13 September 2021

The Challenge of Exposition


If you write mysteries, you need to pass information to your readers. If your protagonist is a cop or private eye, this usually involves the victim or client explaining everything at the beginning. That's easy, but it involves flat telling with no tension, which means you have to jumpstart the action after laying the foundation. It's even more urgent in plays, where a static opening scene (think Chekhov, Ibsen, or lots of Shakespeare) means the actors have to start over again in scene 2.

All those scenes depend on a particular dynamic: one character has information the other one lacks, so the informed one explaining everything is logical even if it isn't very exciting. But there are better ways to do it.

You can start with ACTION instead of telling. Don Winslow opens California Fire & Life with the fire destroying an estate and burning a woman to death. That will be the focus of Jack Wade's insurance investigation. The play Extremities opens with a man attempting to rape a woman, who manages to blind him with a can of insecticide and set up the rest of the play. These actions grab the audience's attention more effectively than dialogue would.

If you can't use such extreme action, look at other ways to present dialogue. If two people are arguing about who is going to get Dad's old Chevy, it suggests that Dad won't be driving it any more. If a woman in a wedding gown and veil is sobbing to an older douple about "that slimy jerk," it's a fair guess that she's been dumped at the altar.

In both those cases, explanation will sound artificial. "Well, Diane, now that Dad is dead/incapacitated, one of us should take his classic '57 Impala, and it should be me because I love such cars" is what we call "As you know, Bob" dialogue. The characters both know what's going on and talk only for the sake of the audience instead of resolving an issue. My wife gave me the ultimate example years ago after doing a staged reading of several new plays: "I was talking to John, who is your brother."  We couldn't stop laughing.

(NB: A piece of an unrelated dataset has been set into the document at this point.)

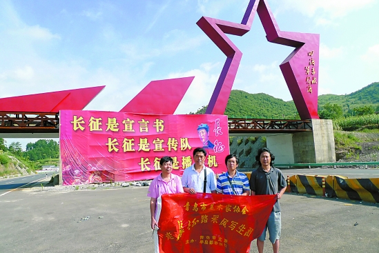 四位画家在贵州茅台镇红军长征宣传碑前合影

The car and the abandoned bride illustrate what playwright Jeffrey Sweet calls "High-context exposition." When both characters have the information, they don't explain anything. They use jargon, context, and references to people or events the audience doesn't know yet. This immerses the audience/reader in the event so they gradually absorb what they need. "Low-context exposition," where someone lacks the necessary info, like the mystery sleuth, justifies more explicit backstory and explanation.

Steel Magnolias is not a great play (although it's a great acting vehicle for six women), but we get involved as the women name over 20 characters (mostly men) who never appear on-stage. The Cover of Life refers to three husbands who have been drafted during World War II and never show up, but we know about them from their wives. David Mamet's Glengarry Glen Ross opens in a Chinese restaurant with two men arguing about "leads," "closing," and other terms they never explain. Eventually, we figure out that they work in a real estate office. Since they're arguing, it adds energy to the scene and draws the audience in.



I tried to use that tactic in my novels. Run Straight Down opens with a shooting in an urban high school, and the teachers use their ed-speak and in-jokes to draw readers in as they watch the chaos. We join their world in small increments. There's a student teacher for when I need a larger explanation, too. 



The Whammer Jammers takes place in the world of roller derby, and my daughter, former captain of the Queen City Cherry bombs in Nashua, helped me develop questions so I could interview skaters, coaches, announcers, and boyfriends at matches in Connecticut. Scenes in the book involve practice sessions and bouts (matches) so the reader gets involved early. That was a lot of fun, too.


Using action or high-context exposition is harder to do, but it pays big dividends. You'll find ways to create more tension early on, which gives you something to build upon later. 

Your readers will love you for it.

2 comments:

  1. We watched "Taken" a couple of nights ago. It's an excellent movie, but I was surprised that there are some "As you know, Bob" moments near the beginning!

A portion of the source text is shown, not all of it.